Now let's add a sentence and infer it to a vector in order to feed it to our model. 

In [8]:
# Create new sentence and vectorize it. 
new_sentence = "this is a new sentence".split(" ")
new_sentence_vectorized = model.infer_vector(new_sentence)

# Calculate cosine similarity. 
similar_sentences = model.docvecs.most_similar(positive=[new_sentence_vectorized])

In [9]:
similar_sentences

[(0, 0.7291395664215088),
 (17, 0.7216114401817322),
 (10, 0.7141540050506592),
 (7, 0.6756813526153564),
 (6, 0.6751018762588501),
 (14, 0.6680215001106262),
 (13, 0.667238712310791),
 (5, 0.6636887788772583),
 (18, 0.6495362520217896),
 (62, 0.6347824335098267)]

## The Results
To visualize our results we will use pandas to convert the output to a data frame so it will make our output pretty much meaningful.

In [10]:
import pandas as pd

# Output
output = []
for i, v in enumerate(similar_sentences):
    index = v[0]
    output.append([common_texts_pre[index], v[1]])

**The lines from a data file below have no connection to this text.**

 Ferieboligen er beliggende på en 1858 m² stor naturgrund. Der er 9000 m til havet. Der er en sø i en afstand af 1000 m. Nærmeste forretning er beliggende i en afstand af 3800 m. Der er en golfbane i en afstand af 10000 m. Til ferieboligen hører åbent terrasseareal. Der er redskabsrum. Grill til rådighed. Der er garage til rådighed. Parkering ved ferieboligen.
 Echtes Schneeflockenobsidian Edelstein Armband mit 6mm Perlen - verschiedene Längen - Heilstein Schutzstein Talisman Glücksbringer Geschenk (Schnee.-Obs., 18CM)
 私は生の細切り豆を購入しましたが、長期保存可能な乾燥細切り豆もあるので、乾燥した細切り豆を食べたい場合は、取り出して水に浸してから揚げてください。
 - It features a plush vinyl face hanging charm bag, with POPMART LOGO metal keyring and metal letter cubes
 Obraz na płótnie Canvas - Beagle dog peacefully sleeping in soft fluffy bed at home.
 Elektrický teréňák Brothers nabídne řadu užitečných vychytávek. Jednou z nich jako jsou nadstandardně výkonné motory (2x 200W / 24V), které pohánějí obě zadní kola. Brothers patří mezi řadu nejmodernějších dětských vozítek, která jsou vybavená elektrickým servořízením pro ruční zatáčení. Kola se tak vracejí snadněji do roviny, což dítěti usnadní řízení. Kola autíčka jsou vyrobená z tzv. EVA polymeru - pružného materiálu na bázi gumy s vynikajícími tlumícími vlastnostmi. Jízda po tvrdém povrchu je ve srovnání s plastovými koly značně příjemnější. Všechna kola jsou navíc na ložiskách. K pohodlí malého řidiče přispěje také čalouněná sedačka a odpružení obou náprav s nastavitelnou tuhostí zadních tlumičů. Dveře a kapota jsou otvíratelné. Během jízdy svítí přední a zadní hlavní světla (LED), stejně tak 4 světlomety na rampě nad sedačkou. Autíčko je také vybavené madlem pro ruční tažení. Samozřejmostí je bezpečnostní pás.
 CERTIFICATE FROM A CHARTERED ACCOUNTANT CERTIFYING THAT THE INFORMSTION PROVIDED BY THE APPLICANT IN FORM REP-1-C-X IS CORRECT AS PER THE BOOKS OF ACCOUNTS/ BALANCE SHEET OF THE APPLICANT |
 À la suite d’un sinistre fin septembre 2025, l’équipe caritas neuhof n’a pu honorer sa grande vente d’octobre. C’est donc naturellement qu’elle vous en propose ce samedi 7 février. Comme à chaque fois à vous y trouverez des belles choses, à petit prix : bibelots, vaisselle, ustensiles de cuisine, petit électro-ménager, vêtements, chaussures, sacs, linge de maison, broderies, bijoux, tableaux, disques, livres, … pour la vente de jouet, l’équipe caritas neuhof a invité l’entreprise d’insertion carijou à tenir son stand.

pd.DataFrame(output, columns=["common_texts", "cosine_similarity"])

Unnamed: 0,common_texts,cosine_similarity
0,In this paper we develop a Bayesian nonparamet...,0.72914
1,"In this paper, we consider the adaptation of t...",0.721611
2,Human action recognition is an important compo...,0.714154
3,Facial expression recognition is an active are...,0.675681
4,"The Restricted Boltzmann Machine (RBM), a spec...",0.675102
5,Activities capture vital facts for the semanti...,0.668022
6,This paper proposes a neurobiology-based exten...,0.667239
7,"In this paper, we proposed a deep convolutiona...",0.663689
8,Association is widely used to find relations a...,0.649536
9,Building one's vocabulary in a language is an ...,0.634782


## Conclusion
That's pretty much it for this tutorial. Now you have your model that you can deploy and make more useful projects.